WASHINGTON — Deputy Chief of Staff Stephen Miller admitted that he’s just building Aryan Nation credibility for his inevitable imprisonment, confirmed sources.
“When I started losing my hair the first time Elon Musk fucked my wife ten years ago or so, I realized that I was a perfect Aryan specimen,” expressed Miller as he rubbed baby oil on his perfectly shiny dome. “Since that day, I’ve dedicated my life to building credibility with the Aryan Brotherhood for if, sorry when, I go to prison for my heinous crimes. The racism, the dog whistles, the Christo-Fascism is all in hopes of getting protection by taller, balder, stronger white men than me. If they don’t have my back, the Latin Kings are going to shank me in the shower ‘cause I have it coming. Maybe I can trade Steve Bannon for a few ramen packets.”
Although Miller was confident in his assessment of esteem among the Aryans, the neo-Nazis themselves were not so sure.
“We don’t want that pencil-necked geek,” explained Aryan Nation captain Vern Schillinger. “We want strong, Aryan soldiers. Not some nerd who can read. He doesn’t even have a swastika tattooed on his forehead, even though he would definitely get away with it if he did. Don’t get me wrong, I’m appreciative of all of the racial hatred he’s spread across America. That’s all great. But we have standards. Plus, there’s just something about his face, he looks like such a fucking loser. Like someone just farted next to him, at all times. I don’t know. Maybe when he says the Fourteen Words on television we will claim him, but until then, I don’t think so.”
Prison experts are already theorizing about how Miller will fare in prison.

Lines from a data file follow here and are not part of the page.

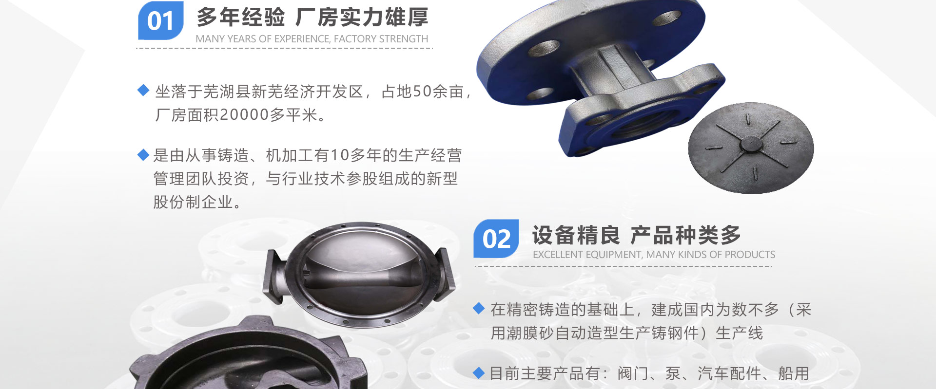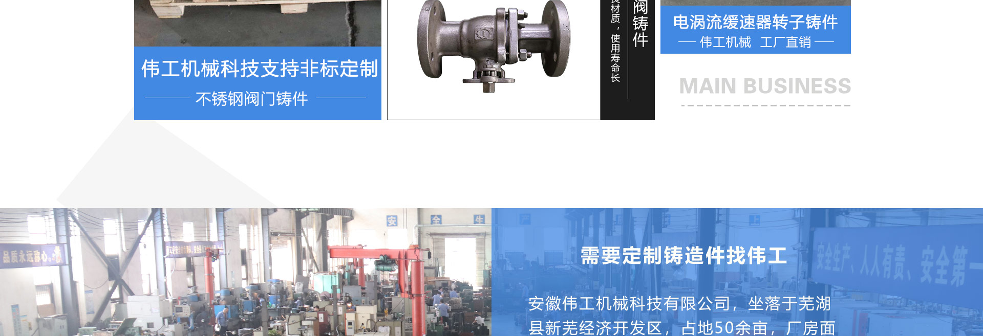 安徽偉工機械科技有限公司,坐落于安徽蕪湖新蕪經(jīng)濟開發(fā)區(qū),是一家専業(yè)從事鑄造產(chǎn)品設(shè)計、研發(fā)、生產(chǎn)、銷售于一體的企業(yè),公司為客戶的產(chǎn)品提供多樣的技術(shù)支持與設(shè)計,公司主要鑄造技術(shù)有潮模砂鑄造、硅溶膠精鑄工藝。主要產(chǎn)品有:不銹鋼閥門配件、泵閥配件、汽車配件、工業(yè)管道配件、工程機械配件、汽車配件等。材質(zhì)為:低合金鋼、304、316、316L、鉻鉬鋼、哈氏合金、碳鋼、雙相鋼等。公司已先后通過ISO9001和TS16949等多種體系審核,以完備的管理手段和齊全的檢測設(shè)備滿足客戶需求,進的設(shè)備,専業(yè)的技術(shù),嚴(yán)謹(jǐn)?shù)墓芾?,穩(wěn)定的質(zhì)量。服務(wù)客戶,鑄造未來,偉工誠摯的歡迎新老客戶共同商洽合作
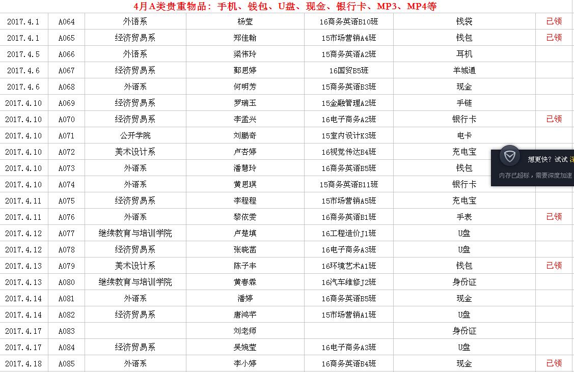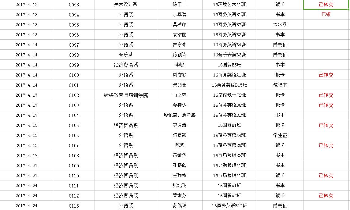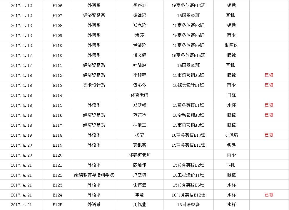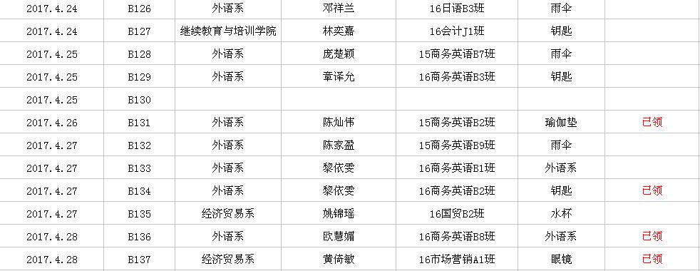 2017年4月失物招领
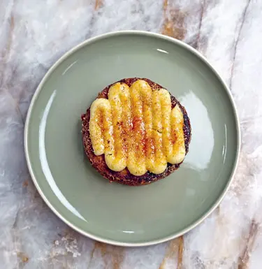 Au terme de la caramélisation, déposez les tranches de brioche dans des assiettes. Pochez délicatement la crème à la vanille en zigzag sur les tranches de brioche. Parsemez le sucre cassonade sur la crème et faites brûler à l’aide d’un chalumeau.
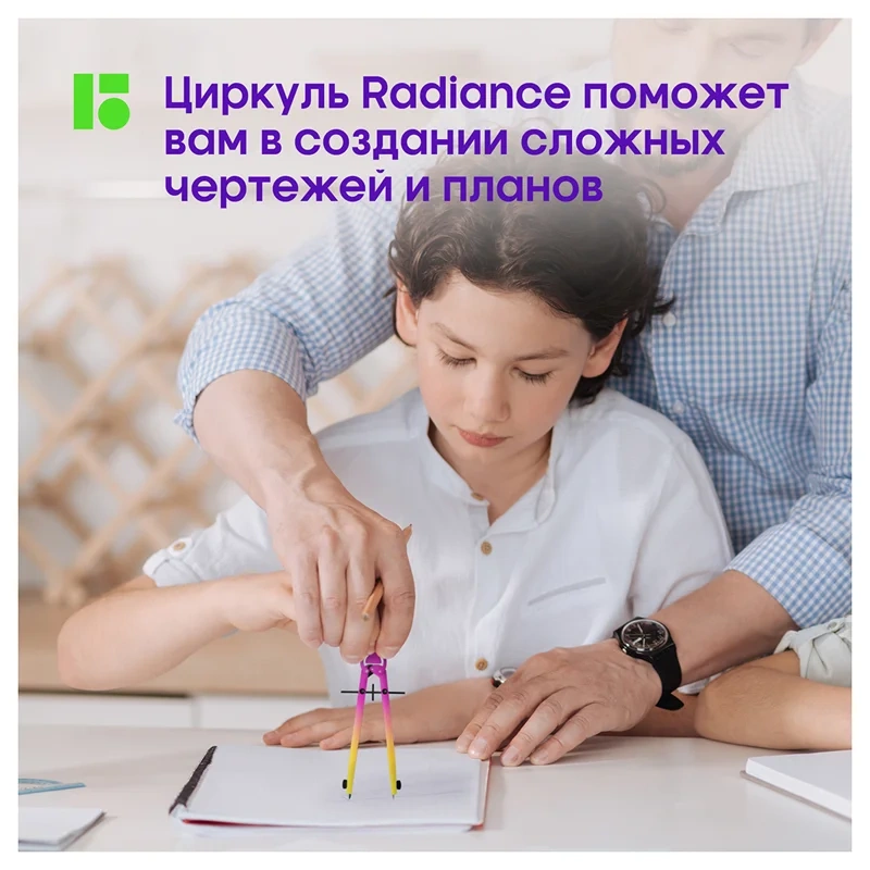 Циркули серии 'Radiance' обладают регулировочным механизмом, который позволяет чертить окружности диаметром до O 390 мм.
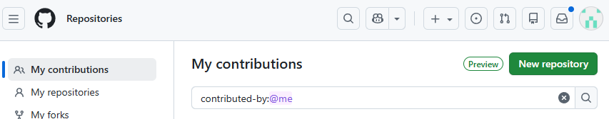 変更後の画面の右上にある「New repository」ボタンをクリック。
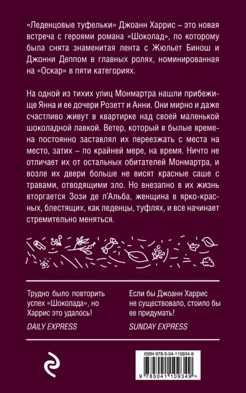 Если вы обнаружили ошибку в описании товара «Леденцовые туфельки» (авторы: Харрис Джоанн), то выделите её мышкой и нажмите Ctrl+Enter. Спасибо, что помогаете нам стать лучше!
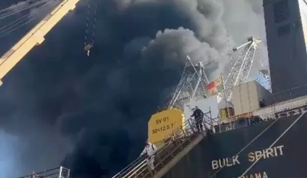 İstanbul’un Tuzla ilçesinde özel bir tersanede bakıma alınan yük gemisinde çıkan yangına itfaiye ekipleri müdahale ediyor.
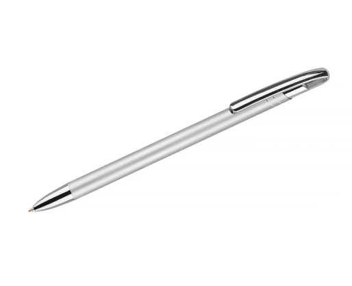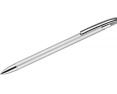 Plonas ir glotnus metalinis tušinukas su metaline apdaila. Rašalas mėlynas, brėžio storis 0.7mm. Išmatavimai 144x8,5 mm. Tinka graviravimui.
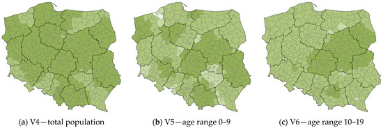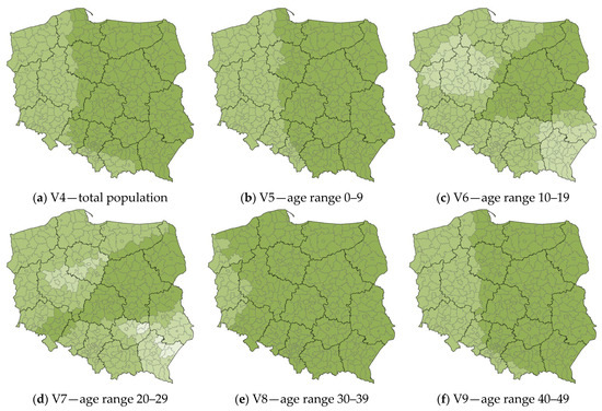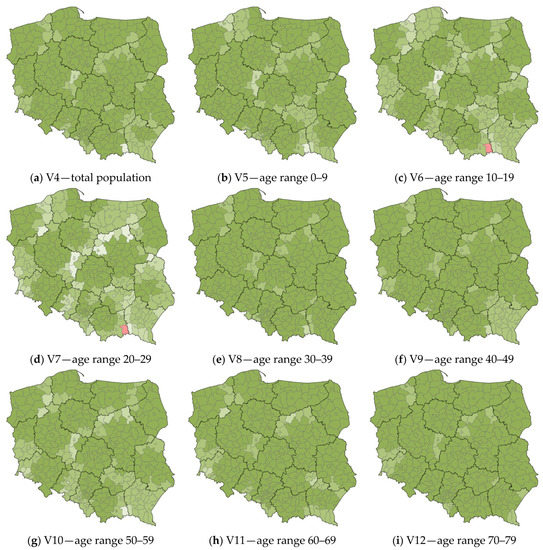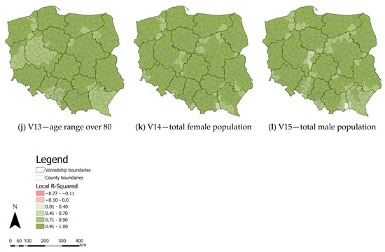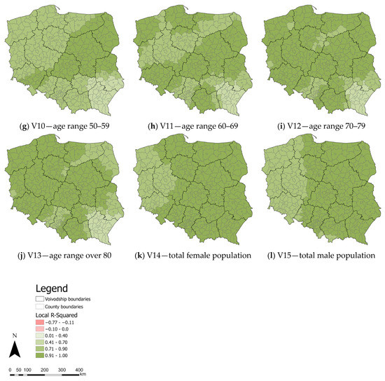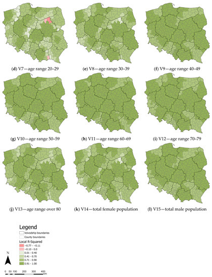 As in the case of the local R2 maps for the variables V1 and V2, the largest anomalies are observed in the map of the age range 20–29. This is most evident in the counties on the Subcarpathian and Lesser Poland Voivodship boundaries (primarily Gorlice county). Such a situation also occurs in the north and west of Masovian Voivodship (Ostrołęka County, Mława County, Płock County, and Żuromin County), the eastern part of Masovian Voivodship (Łosice County), the southeastern part of Greater Poland Voivodship, and the southeastern part of West Pomeranian Voivodship (mainly Wałcz County).
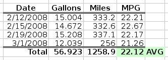 It was consistent it and a little better than the EPA\’s 21MPG combined estimate.
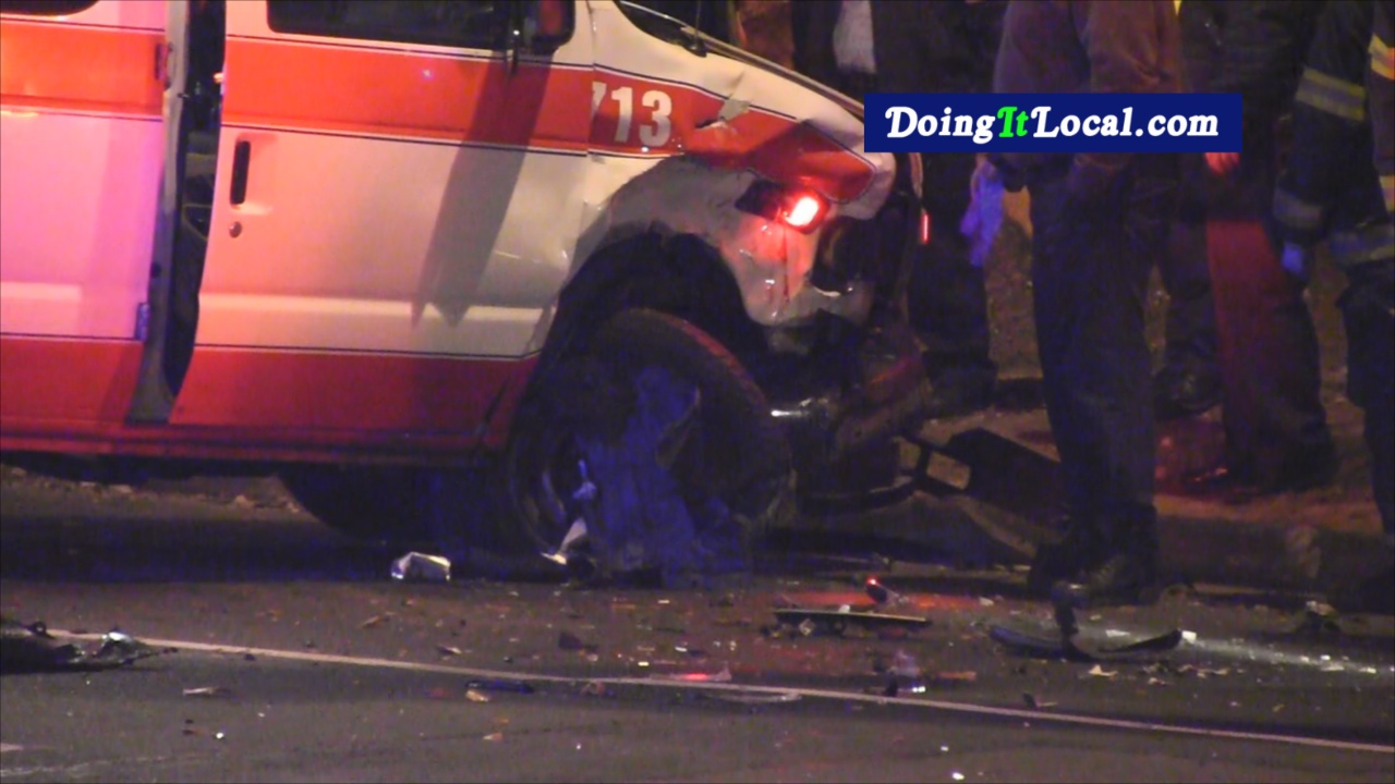 AT11: 45pm a tripulação EMS chamado de volta ao seu centro de expedição que eles estavam envolvidos em um acidente na I-95 na rampa de Fairfield Avenue com um SUV prata. Outra ambulância foi enviada para a pessoa com dores no peito imediatamente. Não se sabe a condição do pessoal EMS, o motorista ou passageiros do SUV no momento.
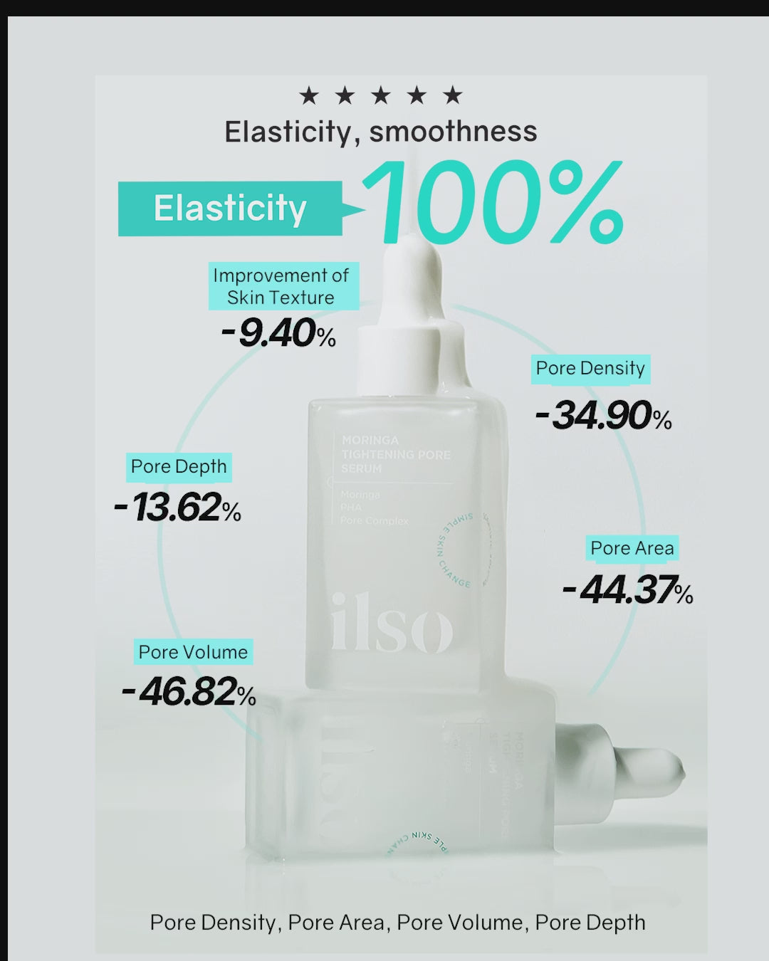 Say Goodbye to Pores with ilso's tightening pore serum. Tired of large pores and uneven skin texture? This innovative serum is here to help! With its powerful ingredients and clinically proven results, it delivers a multi-faceted approach to pore care, leaving you with a smooth, clear, and radiant complexion.
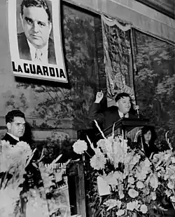 La Guardia announced that he would seek reelection as Mayor of New York City in the 1937 election and he was opposed for the Republican nomination by Almbert Fairchild, Thomas J. Curran, and Charles G. Bond.[95][96] All 475 delegates of the City Fusion Party voted unanimously to give their party's nomination to La Guardia, the American Labor Party voted unanimously to give its nomination to La Guardia, and he won the Republican primary.[97][98][99][100] He had won the Republican nomination despite his support for President Roosevelt in the 1936 presidential election.[3]
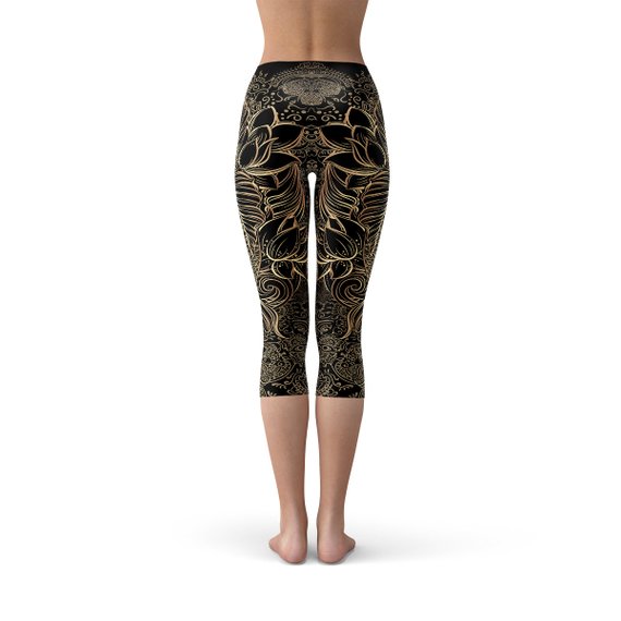 Womens Koi Fish Black Capri Leggings featuring a vibrant koi fish graphic design, made from high-performance stretchy fabric for comfort and style.
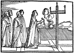 Description: This engraving is the fourth in a series of four that illustrates the consecration of a cemetery. In this engraving, the bishop blesses each cross with incense from the thurible and then places a lit candle at the top of the vertical post and two more candles at each end of the horizontal beam.
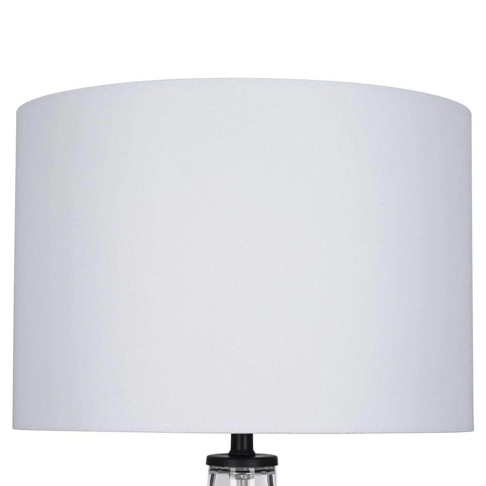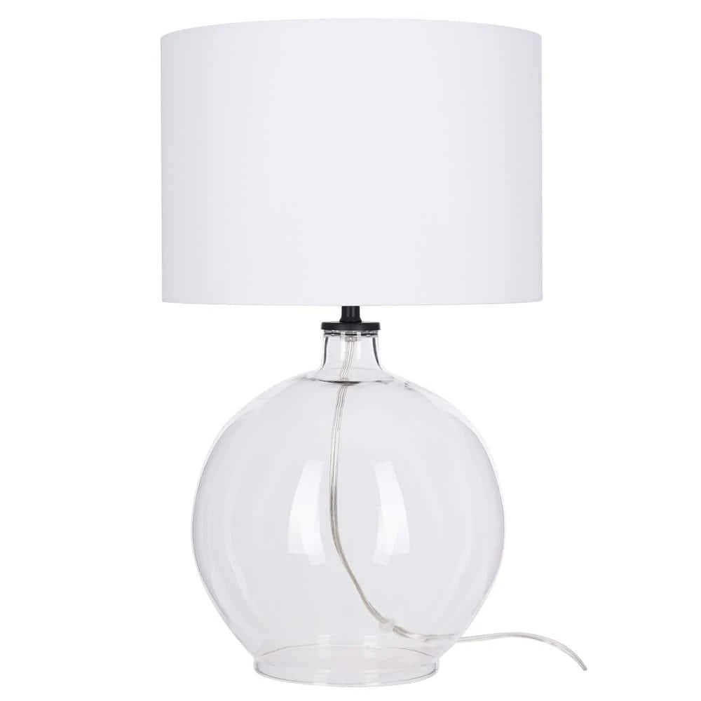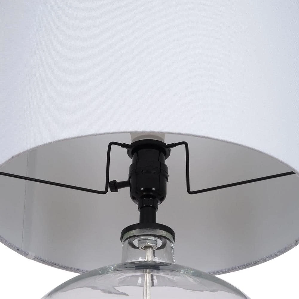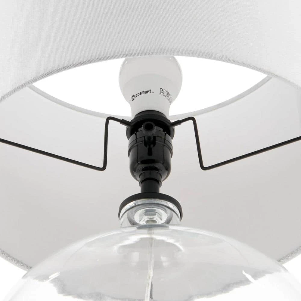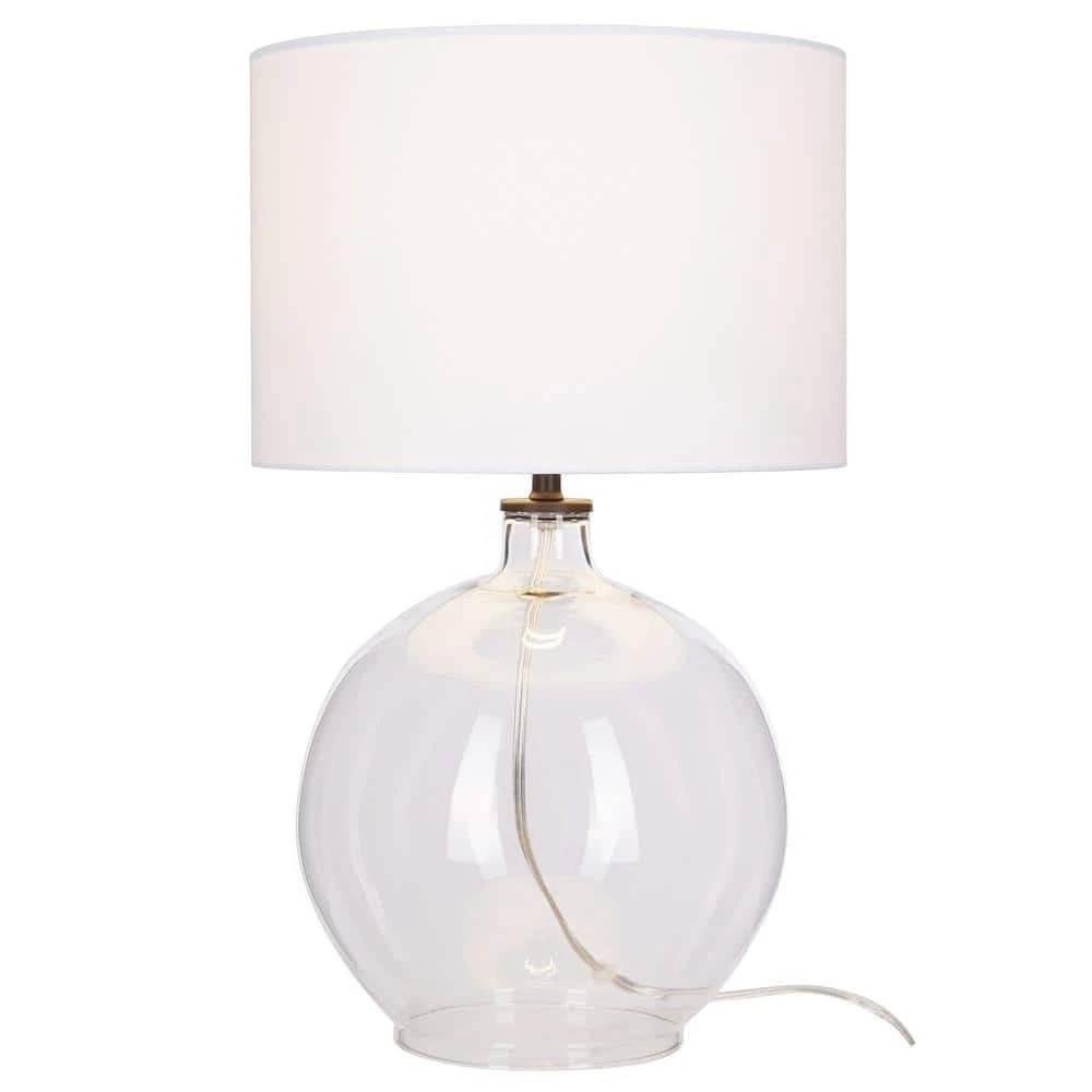 Designed to compliment a variety of home decor styles from coastal to contemporary, the Hampton Bay 21.5″ Windmere Round Glass Table Lamp is a stunning addition to any home. The lamp’s chic clear glass body is accented with modern black metal hardware and a classic white drum shade. Uses one standard A19 E26 light bulb, max 16-watt LED or 100-watt incandescent (light bulb not included). A clear 60″ power cord completes the lamp’s airy look.
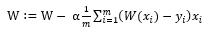 이번 포스트에서는 Gradient descent를 텐서플로우 코드로 어떻게 구현하는지를 알아보겠습니다. 구현에 앞서 Gradient descent 식을 보며 순서를 정하겠습니다.

“Well everyone is going to beat the shit out of him, that’s for sure,” said penology and gang expert Dr. Wanda Goode. “I think MS-13 is going to get the first crack at him. They’re pretty mad that he calls every immigrant part of MS-13, it’s really watering down their brand. Next, I’d say the Black Guerilla Family will probably snap his twig legs and kick him in the stomach. Finally, the Aryans might finally Google him and realize that he’s Jewish, then they’ll really let him have it.”
At press time, Miller was watching “Let’s Go To Prison” on repeat before switching to the Rob Schneider classic “Big Stan.”